Por sua vez, o Estado do Piauí (ID n. 1460947), suscitou, preliminarmente, a prescrição quinquenal. E, no mérito, sustentou a ausência de direito adquirido a regime estatutário, a necessidade de lei de iniciativa do chefe do poder executivo e a proibição de vinculação do reajuste de vencimentos a índices de correção monetária, bem como a impossibilidade de avaliação de desempenho para servidores aposentados. Argumentou, ainda, que deve ser respeitado o princípio da separação dos poderes.

Os autores apresentaram Réplica (ID n. 1460955) rebatendo as teses ventiladas pelos requeridos. Ao final da instrução, o Ministério Público apresentou manifestação (ID n. 1460958) sem exarar parecer de mérito, por entender inexistente interesse público que justificasse a intervenção ministerial. 

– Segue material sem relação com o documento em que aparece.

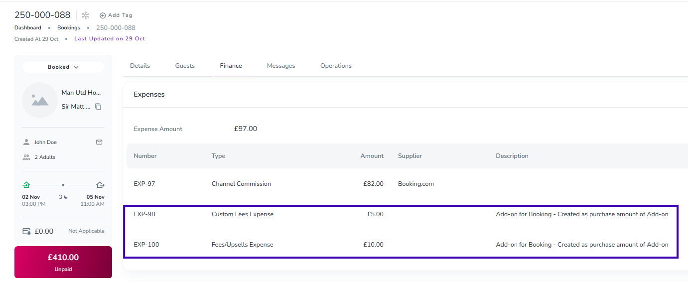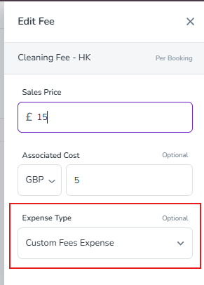 The Fees/Upsells Expense in Zeevou is a newly introduced expense type designed to better classify and track the purchase price of add-ons (upsells) such as cleaning fees, breakfast, or parking.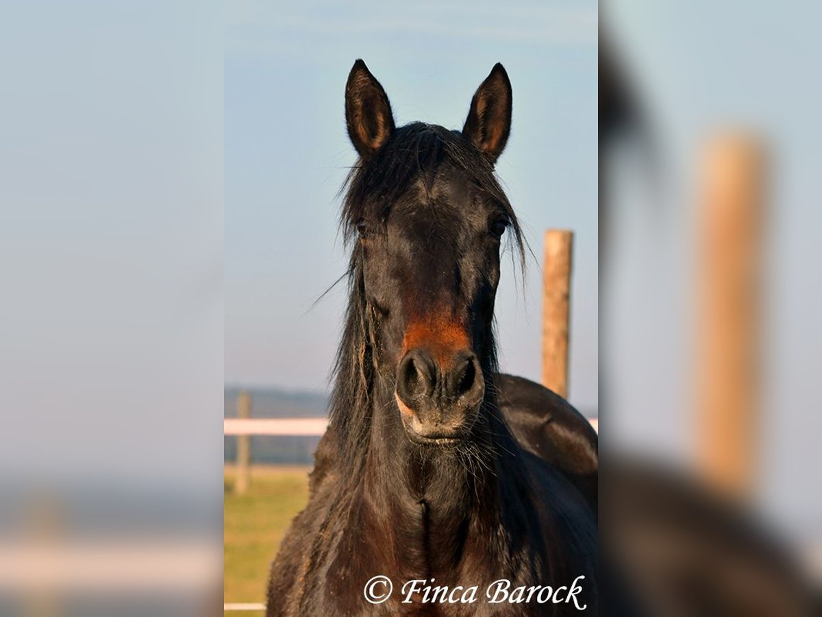 Rasse: Andalusier Name: Africana Geschlecht: Stute Stockmaß: 156 cm Alter: 17.04.2022 Farbe: Schwarzbraun Preis: 9500 € Vater: o. P. Mutter: o. P. Africana, unsere sanfte, sehr verschmuste Maus mit 1a Charakter. Es gibt Sie einfach, diese Jungpferde welche eine unglaublich hohe Grundcoolness mit sich bringen. Africana gehört auf jeden Fall dazu. Sie wird erst im April 4 Jahre, benimmt sich im Umgang aber deutlich ruhiger und gelassener als viele ältere Pferde. Dazu liebt Sie Kinder. Und diese Sie. Es ist total auffällig das alle Kinder bei Ihr stehen bleiben und mit ihr schmuse wollen oder Africana Putzen oder Führen möchten. Reiterlich ist Africana in den GGA geritten, sowohl Viereck als auch im Gelände. Natürlich ist sie mit ihrem Alter noch am Anfang Ihrer Ausbildung. Trotzdem vermittelt Sie bereits ein tolles Reitgefühl und möchte es Ihrem Reiter immer recht machen. Sie wurde auch schon von Kindern und Jugendlichen geritten und verzeiht auch durchaus kleine Reiterfehler. Wir können uns gut vorstellen dass sie bei weiter guter Ausbildung auch von einem schwächeren Reiter mitgeritten werden kann. Im Gelände ist Sie aufmerksam und mutig. So geht Sie auch vorweg, wenn andere Pferde es zu gruselig finden (und schleppt die älteren mal eben so ab) Sie steht bei uns zusammen mit ihrer Freundin Señorita draußen und zeigt sich verträglich. Eine absolut tolle Lady, für jeden der ein Pferd mit einem grundsolidem Charakter sucht. Bei Africana sind schon gute Grundlagen gelegt, sie aber noch total offen für neues und kann dementsprechend weiter gefördert werden. Kontakt: Finca Barock, Tel. 0173-696 31 81, 56291 Wiebelsheim

Sobreveio, então, a sentença recorrida (ID n. 1460963) que concedeu o benefício da justiça gratuita para os autores, rejeitou a prejudicial de prescrição e ,por fim, julgou procedente a progressão funcional dos demandantes para a Classe “D”, Referência “IV”, com os devidos acréscimos em seus vencimentos, conforme a lei nº 4.640/93, ao passo que não deu provimento quanto ao pedido de pagamento retroativo de vencimentos referentes à Classe “D”, Referência “IV”.

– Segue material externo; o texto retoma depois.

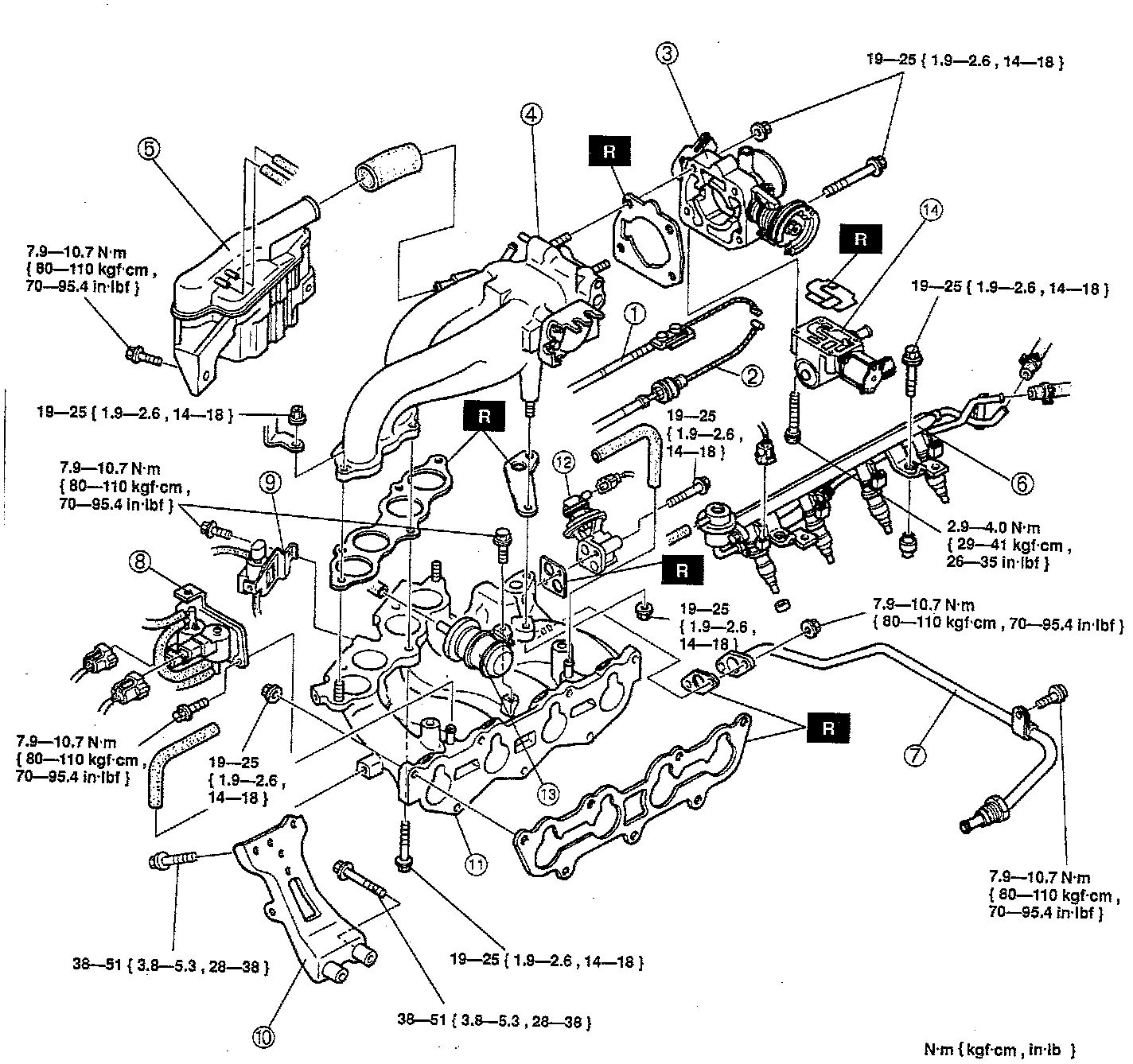 Face the bead of the gasket toward the intake manifold as shown, and install the intake manifold.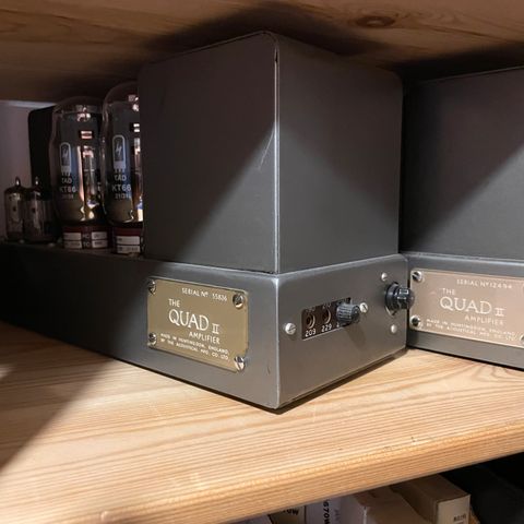 Radiorør i QUAD II er ligeledes nye og er NOS 4 stk TAD-KT66, 4 stk NOS EF86 Philips/Miniwatt NL, 2 stk NOS 5V4/GZ32 SYLVANIA Usa.
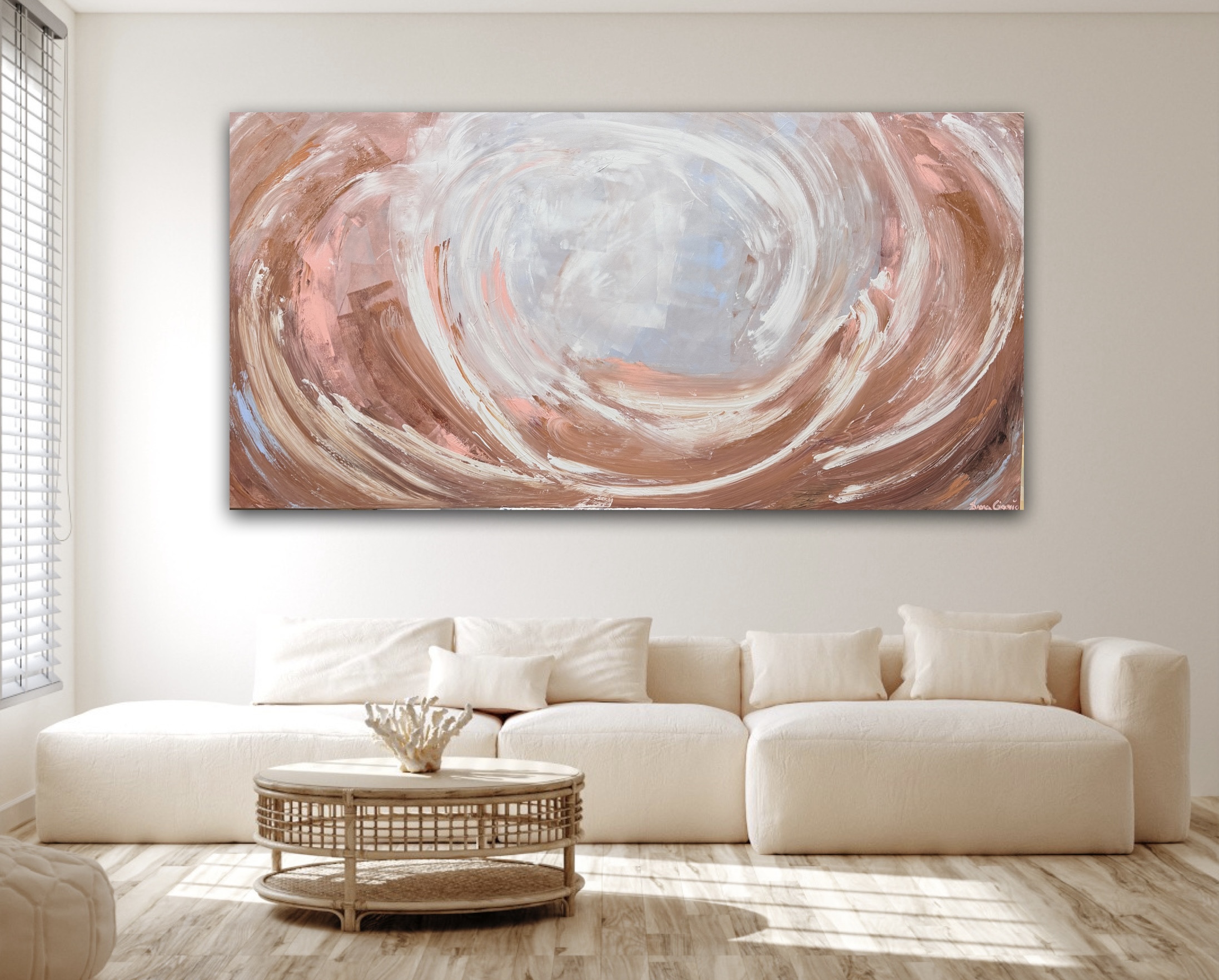 ‘Whirl of Grace’ is an artwork with a warm sweeping energy creating a sense of calm movement. Soft blush tones, earthy browns and hints of blue bring a peaceful feel to this piece.

Insatisfeitos, os autores apresentaram recurso de apelação (ID n. 1460964) pleiteando a reforma parcial da sentença de primeiro grau com reconhecimento da vigência parcial da Lei nº 4.640/93, e consequente pagamento das diferenças salariais decorrentes da não progressão na carreira dos autores apelantes. Requereram, ainda, a condenação do apelado em custas, emolumentos e honorários advocatícios na base de 20% (vinte por cento) sobre o valor da condenação.

Devidamente intimados, a EMATER e o Estado do Piauí apresentaram contrarrazões à apelação (ID n.1461022). Apenas a EMATER apresentou recurso de apelação (ID n. 1461022) alegando, em suma, revogação da Lei nº 4.460/93 e, por conseguinte, inexistência de direito adquirido a regime jurídico, ausência da condição de servidor efetivo e inconsistências verificadas nas certidões fornecidas pelo setor de pessoal da EMATER.

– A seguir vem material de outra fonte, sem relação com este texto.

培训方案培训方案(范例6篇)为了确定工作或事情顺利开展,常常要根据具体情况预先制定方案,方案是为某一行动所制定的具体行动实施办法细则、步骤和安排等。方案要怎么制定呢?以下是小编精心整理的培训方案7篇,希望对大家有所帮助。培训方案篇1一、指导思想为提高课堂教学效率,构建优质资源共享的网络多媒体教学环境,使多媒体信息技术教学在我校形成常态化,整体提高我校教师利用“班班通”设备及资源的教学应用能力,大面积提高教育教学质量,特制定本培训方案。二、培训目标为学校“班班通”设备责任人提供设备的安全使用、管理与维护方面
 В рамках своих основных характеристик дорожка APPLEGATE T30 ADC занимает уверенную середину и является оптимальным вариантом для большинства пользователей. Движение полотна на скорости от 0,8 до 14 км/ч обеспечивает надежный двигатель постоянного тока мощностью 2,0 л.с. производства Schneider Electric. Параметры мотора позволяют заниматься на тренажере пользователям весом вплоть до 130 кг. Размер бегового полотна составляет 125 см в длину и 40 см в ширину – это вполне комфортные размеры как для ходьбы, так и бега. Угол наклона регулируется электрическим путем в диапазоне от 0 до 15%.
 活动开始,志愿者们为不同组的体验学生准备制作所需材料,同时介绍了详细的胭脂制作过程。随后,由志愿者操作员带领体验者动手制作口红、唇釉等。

Instado a se manifestar, o Ministério Público Superior devolveu os autos sem exarar parecer de mérito por entender ausente interesse público que justificasse sua intervenção (ID n. 3334038).

Verificada a ausência de contrarrazões à apelação da parte autora, retornaram-se os autos à instância de origem para a devida intimação da parte autora, que, por sua vez, apresentou contrarrazões (ID n. 5071684).

Após retorno dos autos, conclusos para este relator.

É o relatório.

VOTO


Como relatado, cuida-se de apelações contra sentença que julgou parcialmente procedente pedido fundado na Lei 4.640/93 determinando a progressão funcional dos demandantes para a Classe “D”, Referência “IV”, com os devidos acréscimos em seus vencimentos, ao passo que não deu provimento quanto ao pedido de pagamento retroativo de vencimentos.

Cumpre, inicialmente, destacar que os primeiros apelantes, em sede de contrarrazões, sustentaram que a EMATER, no segundo recurso, se limitou aos argumentos da inicial, sem atacar nenhum ponto da decisão recorrida, ofendendo o princípio da dialeticidade.

Dito isso, quanto à admissibilidade do recurso de apelação cumpre, inicialmente destacar que, de acordo com o princípio da dialeticidade, o recurso de apelação deve atacar os fundamentos da sentença. Sobre o tema, Cristiano Imhof preleciona: 


O princípio da dialeticidade exige que o apelante, obrigatoriamente, por si só faça a exposição do fato e do direito com que se impugna a decisão recorrida (inciso II), como também das razões do pedido de reforma ou invalidação da sentença (inciso III). Faltando alguns desses requisitos a petição de recurso de apelação deverá ser considerada inepta, não podendo ser conhecida pelo tribunal (...) (REsp. 707776-445, rei Min. Mauro Campbell Marques, j. 6.11.2008). (Novo Código de Civil Comentado, 20ed., São Paulo: BookLaw, págs.1472/1473). 

Assim, a apelação só pode ser conhecida na parte em que se relaciona diretamente com a sentença atacada. Quanto às demais questões, não analisadas na primeira instância, como as inconsistências verificadas nas certidões fornecidas pelo setor de pessoal da EMATER, é inviável o conhecimento, sob pena de supressão de instância.

E por estarem preenchidos os demais pressupostos de admissibilidade: interesse recursal, legitimidade das partes, tempestividade e o recolhimento de custas ser dispensado, em razão da gratuidade de justiça concedida e da isenção da fazenda pública, conheço da primeira apelação e parcialmente a segunda apelação.

Passo, então, à análise do mérito de acordo com os preceitos constitucionais e processuais vigentes.

A pretensão se refere a uma relação de trato sucessivo, que visa à percepção mensal de valor que os autores reputam correto, referente à progressão funcional. Assim, a violação persiste a cada mês em que o direito pretendido é negado.  Portanto, fica afastada a alegação de ocorrência de prescrição do fundo de direito.

Por outro lado, por se tratar de prestação de trato sucessivo, estão prescritas as prestações vencidas antes do quinquênio anterior à propositura da ação, posto que a prescrição das dívidas em face da Fazenda Pública é regulada pelo Decreto nº 20.910/31, o qual prevê, em seu art. 1º, que tais dívidas passivas, “seja qual for sua natureza, prescrevem em cinco anos contados da data do ato ou fato do qual se originarem”.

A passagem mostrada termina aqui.